There was a high prevalence of abnormal echocardiographic features at baseline suggestive of cardiac remodelling and dysfunction, consistent with other studies(8,9,55), highlighting the importance of testing interventions in this high-risk group. Mean E/E’ was abnormal at baseline and 88% of women had diastolic dysfunction, as defined by the British Society of Echocardiography(44).

This study included a heterogenous group of women with a relatively severe preeclampsia phenotype (46% of newborns were < 3rd centile and 26% required delivery < 34 weeks’ gestation). Despite the heterogeneity and size of the cohort, this study was able to demonstrate an improvement in echocardiographic measurements in women treated for 6 months with enalapril, compared with placebo. Given the association between diastolic dysfunction and mortality(56), this treatment could have significant implications for long-term cardiovascular health. Modin et al.(52) quantified the prognostic value of different echocardiography parameters for the prediction of 10-year risk of ischaemic heart disease or heat failure. A 1 unit increase in E/E’ (the between-group difference seen in this study at 6 months) had a hazard ratio of 1.11, (95% CI 1.09-1.13) and 5g/m2 increase in LVMi (compared with 7g/m2 between-group difference seen in this study at 6 months) had a hazard ratio of 1.16 (1.13 – 1.19)(52). From the current study, however, it is not possible to determine whether these improvements in cardiac function would persist beyond cessation of the intervention, or whether longer treatment duration would be required for improvement in long-term health. A sub-study of the SOLVD trial(57) compared LV volumes between enalapril and placebo groups, 15 days after treatment cessation. Importantly they demonstrated partial, but not complete, reversibility of enalapril effects, indicating the potential for enalapril to slow progression of LV remodelling. All study participants have consented to future contact, though the impact of 6 months’ intervention on long-term CVD risk is beyond the scope of the current study.

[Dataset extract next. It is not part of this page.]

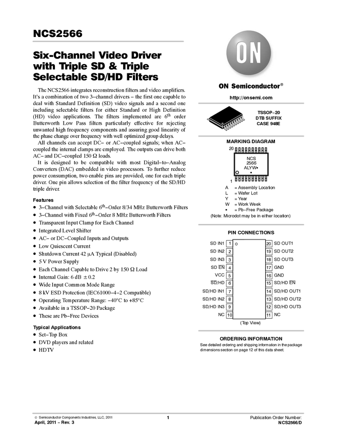Video Amplifier, 3-Channel, with Standard Definition Reconstruction Filters

The difference of E/E’ between groups was not reciprocated with E/A; this is likely explained by inferior reproducibility and pseudonormalisation of E/A in women with stage II diastolic dysfunction and the non-linear relationship with disease severity. This study was underpowered to determine the impact of enalapril on the prevalence of cardiac pathology (diastolic or systolic dysfunction or LV remodelling, as defined by discrete cut-offs(43,44)). Our results suggest that treatment with enalapril for 6 months could reduce the prevalence of concentric remodelling / hypertrophy; however confirmation with larger numbers is required. Given the progressive nature of cardiovascular dysfunction and risk with increasing age, it is likely that in this relatively young cohort, subclinical differences in cardiac function and morphology will increase over time(58). This difference could therefore reduce long-term risk, as supported by the Framingham study(53), which found that a 50g increase in LVM was associated with a 1.57-fold increase in CVD risk. Although plausible, a larger study is needed to investigate whether long-term CVD and obstetric risk is reduced by postnatal enalapril treatment.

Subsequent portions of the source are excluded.